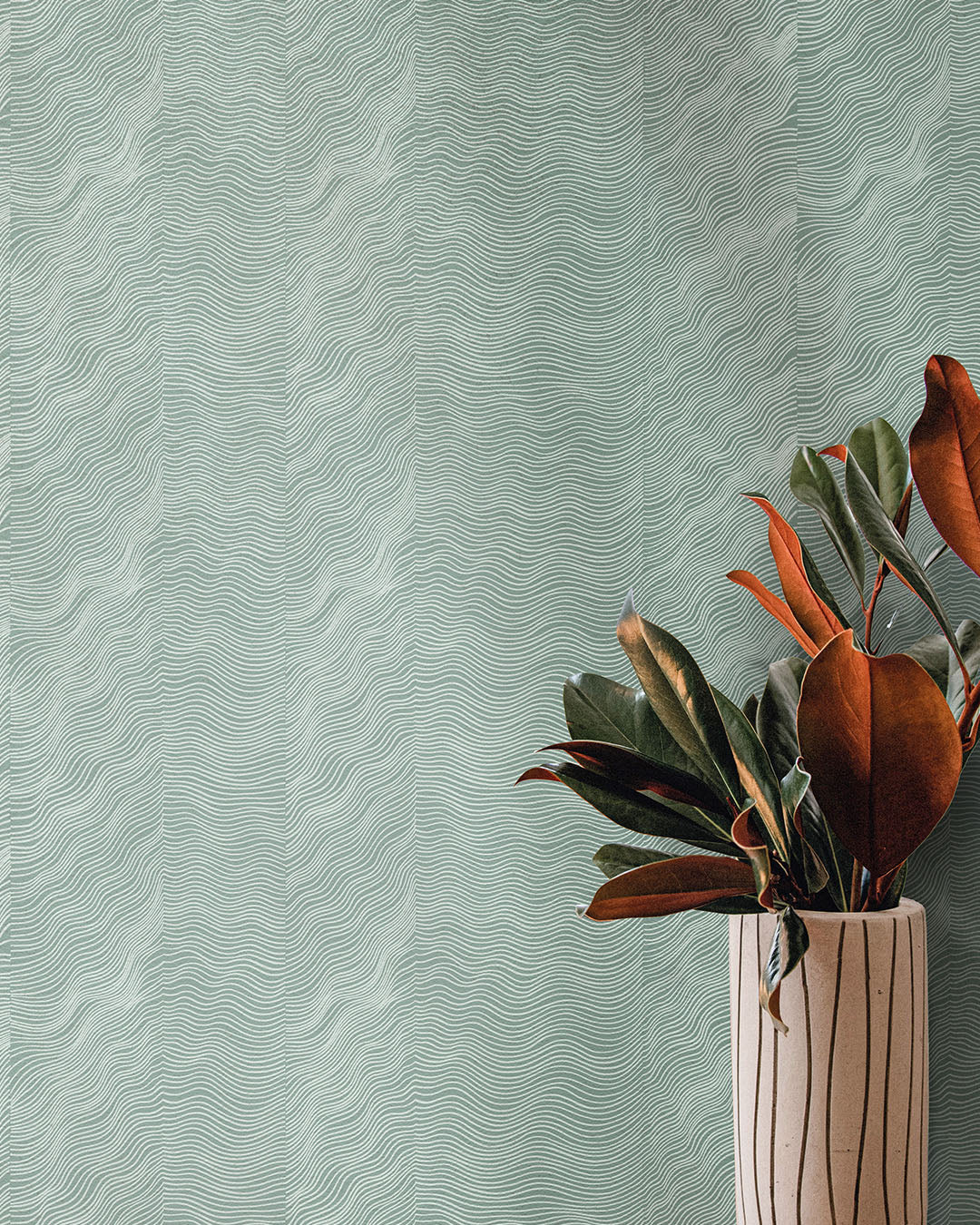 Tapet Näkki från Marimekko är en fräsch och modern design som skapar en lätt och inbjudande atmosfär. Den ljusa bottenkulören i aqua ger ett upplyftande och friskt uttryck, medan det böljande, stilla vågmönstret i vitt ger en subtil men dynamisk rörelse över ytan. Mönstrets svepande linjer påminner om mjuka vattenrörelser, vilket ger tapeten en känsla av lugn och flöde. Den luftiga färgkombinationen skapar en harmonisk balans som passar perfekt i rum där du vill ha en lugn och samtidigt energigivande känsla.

...

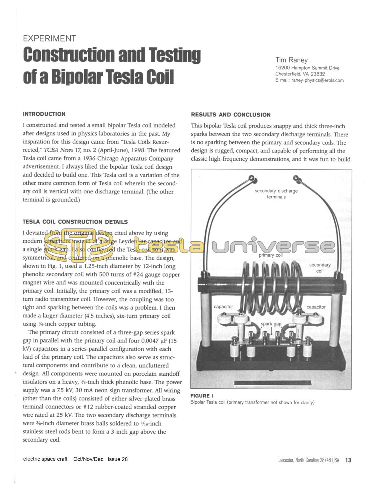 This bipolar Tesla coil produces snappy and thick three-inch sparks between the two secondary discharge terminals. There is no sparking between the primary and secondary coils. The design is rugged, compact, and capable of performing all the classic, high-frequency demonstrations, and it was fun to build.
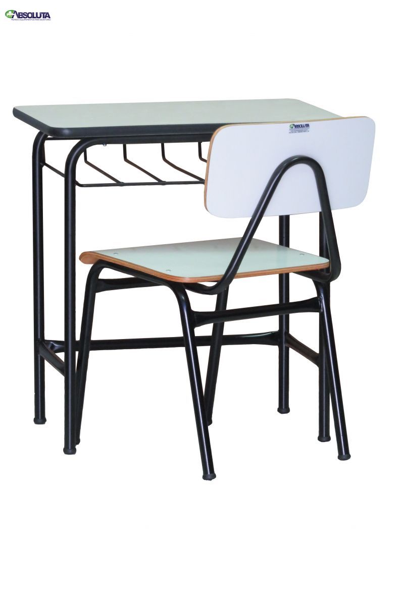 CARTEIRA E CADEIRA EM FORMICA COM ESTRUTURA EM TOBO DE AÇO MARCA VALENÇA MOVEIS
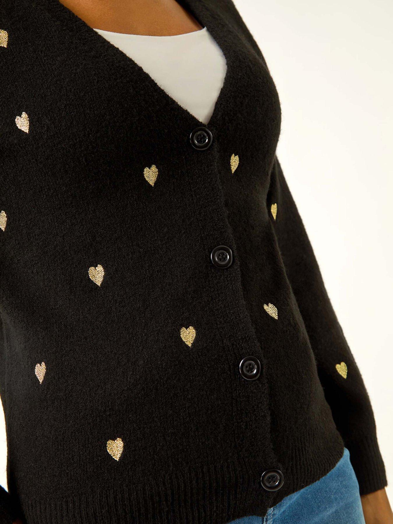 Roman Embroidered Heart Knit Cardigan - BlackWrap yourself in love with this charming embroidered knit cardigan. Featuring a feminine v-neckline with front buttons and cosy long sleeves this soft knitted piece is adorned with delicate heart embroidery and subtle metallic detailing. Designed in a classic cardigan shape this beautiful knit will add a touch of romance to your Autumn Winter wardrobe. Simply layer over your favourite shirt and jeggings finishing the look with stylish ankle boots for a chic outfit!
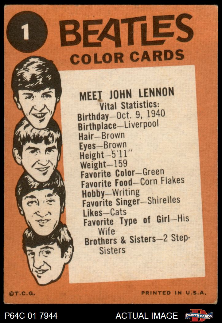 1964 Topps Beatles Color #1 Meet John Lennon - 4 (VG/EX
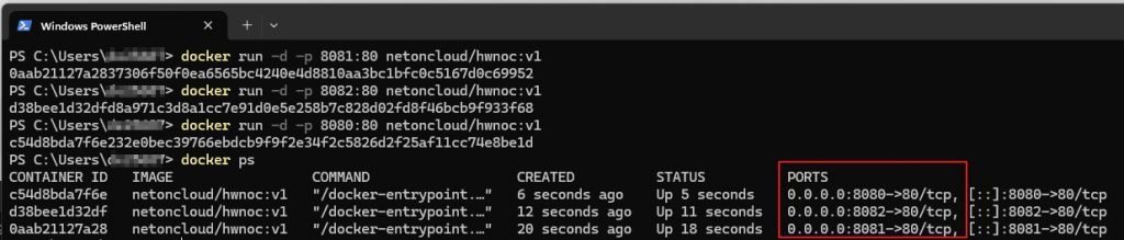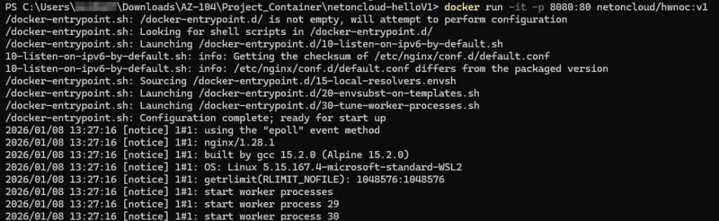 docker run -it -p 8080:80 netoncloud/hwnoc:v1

--

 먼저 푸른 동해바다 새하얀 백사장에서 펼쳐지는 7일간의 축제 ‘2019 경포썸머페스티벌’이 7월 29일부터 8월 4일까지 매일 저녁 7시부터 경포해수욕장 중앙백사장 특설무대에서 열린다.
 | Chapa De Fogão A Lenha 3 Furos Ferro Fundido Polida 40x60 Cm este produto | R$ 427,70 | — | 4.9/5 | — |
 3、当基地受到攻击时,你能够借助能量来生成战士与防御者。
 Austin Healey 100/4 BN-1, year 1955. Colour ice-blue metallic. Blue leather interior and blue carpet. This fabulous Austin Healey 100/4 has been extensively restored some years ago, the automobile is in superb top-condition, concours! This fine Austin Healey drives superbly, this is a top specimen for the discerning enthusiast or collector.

- **TASK DIRECTIONS**: In the entries above, find the line that contains "1964 Topps Beatles" and the line that contains "docker run -it". Reproduce exactly those two lines and every line between them, but not the pictures.

- **ANSWER SECTION**:
 1964 Topps Beatles Color #1 Meet John Lennon - 4 (VG/EX
 docker run -it -p 8080:80 netoncloud/hwnoc:v1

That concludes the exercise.